- Work instructions
In the listing that follows, give every line again exactly and omit the pictures.

- Data section
+--

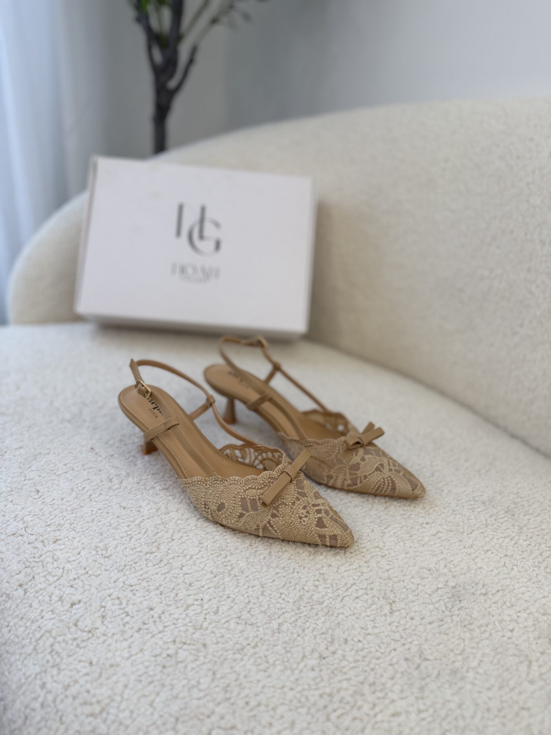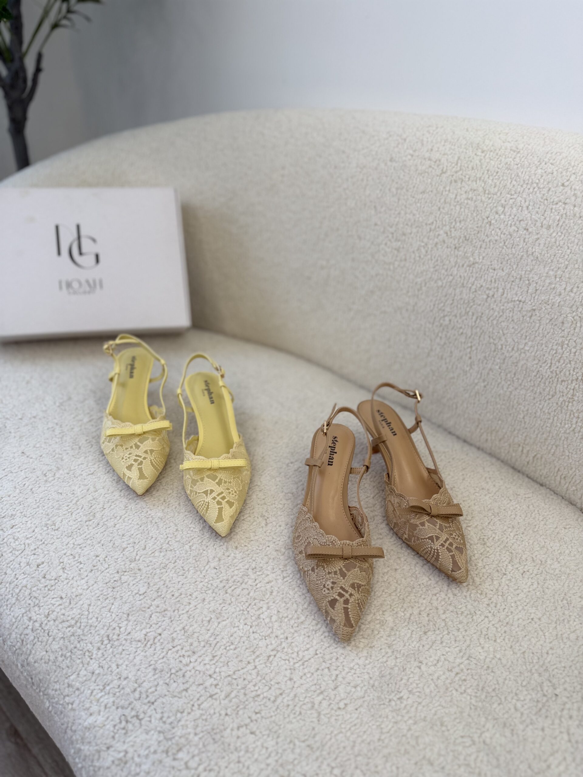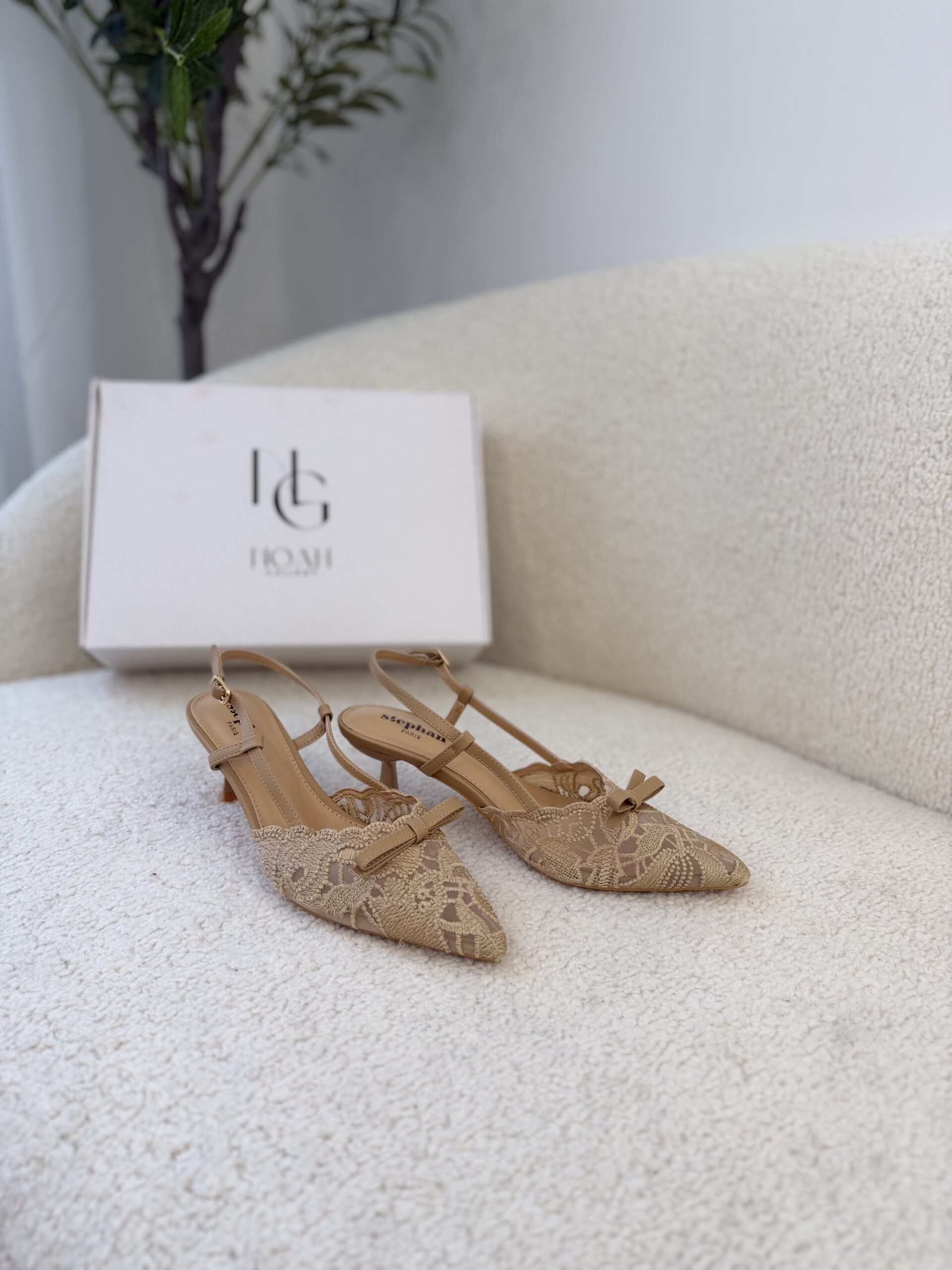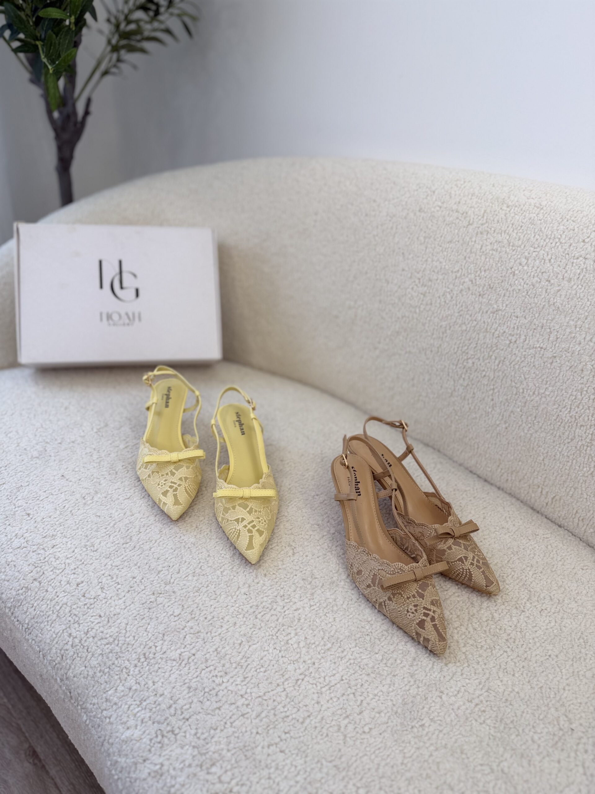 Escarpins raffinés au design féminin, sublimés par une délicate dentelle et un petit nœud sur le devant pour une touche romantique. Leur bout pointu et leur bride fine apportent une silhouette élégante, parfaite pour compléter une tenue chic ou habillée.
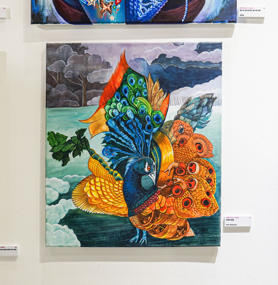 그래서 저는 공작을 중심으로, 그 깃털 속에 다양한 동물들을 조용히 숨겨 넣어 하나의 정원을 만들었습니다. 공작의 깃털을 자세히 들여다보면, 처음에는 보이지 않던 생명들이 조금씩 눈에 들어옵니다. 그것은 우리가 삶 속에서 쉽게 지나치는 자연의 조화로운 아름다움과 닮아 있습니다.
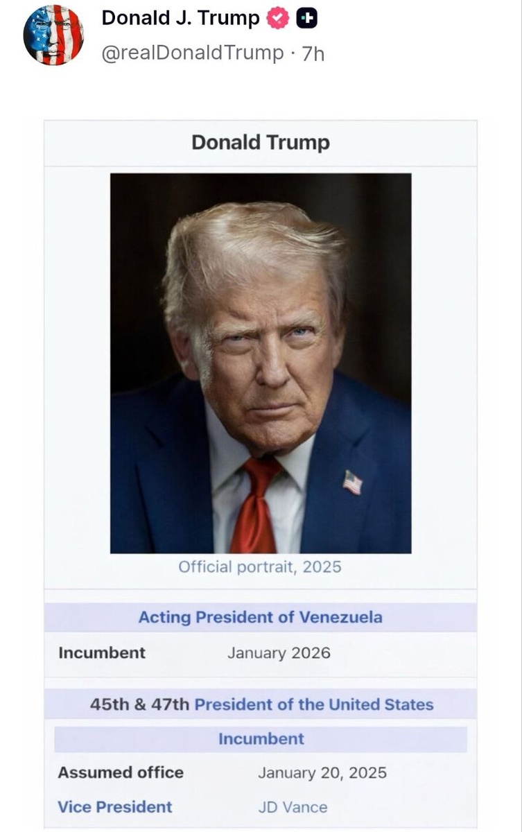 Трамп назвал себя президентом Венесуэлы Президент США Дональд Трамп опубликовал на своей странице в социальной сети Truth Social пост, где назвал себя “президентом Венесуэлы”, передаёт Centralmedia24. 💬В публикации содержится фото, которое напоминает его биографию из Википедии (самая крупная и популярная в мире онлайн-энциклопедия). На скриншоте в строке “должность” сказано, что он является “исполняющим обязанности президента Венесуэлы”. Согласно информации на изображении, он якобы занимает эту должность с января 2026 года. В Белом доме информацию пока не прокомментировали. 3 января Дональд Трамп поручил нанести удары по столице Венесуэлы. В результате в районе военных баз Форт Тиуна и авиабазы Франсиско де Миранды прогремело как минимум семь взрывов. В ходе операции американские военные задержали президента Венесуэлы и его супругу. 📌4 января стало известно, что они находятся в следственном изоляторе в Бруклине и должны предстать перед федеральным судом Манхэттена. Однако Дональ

+--

- Task output
 Escarpins raffinés au design féminin, sublimés par une délicate dentelle et un petit nœud sur le devant pour une touche romantique. Leur bout pointu et leur bride fine apportent une silhouette élégante, parfaite pour compléter une tenue chic ou habillée.
 그래서 저는 공작을 중심으로, 그 깃털 속에 다양한 동물들을 조용히 숨겨 넣어 하나의 정원을 만들었습니다. 공작의 깃털을 자세히 들여다보면, 처음에는 보이지 않던 생명들이 조금씩 눈에 들어옵니다. 그것은 우리가 삶 속에서 쉽게 지나치는 자연의 조화로운 아름다움과 닮아 있습니다.
 Трамп назвал себя президентом Венесуэлы Президент США Дональд Трамп опубликовал на своей странице в социальной сети Truth Social пост, где назвал себя “президентом Венесуэлы”, передаёт Centralmedia24. 💬В публикации содержится фото, которое напоминает его биографию из Википедии (самая крупная и популярная в мире онлайн-энциклопедия). На скриншоте в строке “должность” сказано, что он является “исполняющим обязанности президента Венесуэлы”. Согласно информации на изображении, он якобы занимает эту должность с января 2026 года. В Белом доме информацию пока не прокомментировали. 3 января Дональд Трамп поручил нанести удары по столице Венесуэлы. В результате в районе военных баз Форт Тиуна и авиабазы Франсиско де Миранды прогремело как минимум семь взрывов. В ходе операции американские военные задержали президента Венесуэлы и его супругу. 📌4 января стало известно, что они находятся в следственном изоляторе в Бруклине и должны предстать перед федеральным судом Манхэттена. Однако Дональ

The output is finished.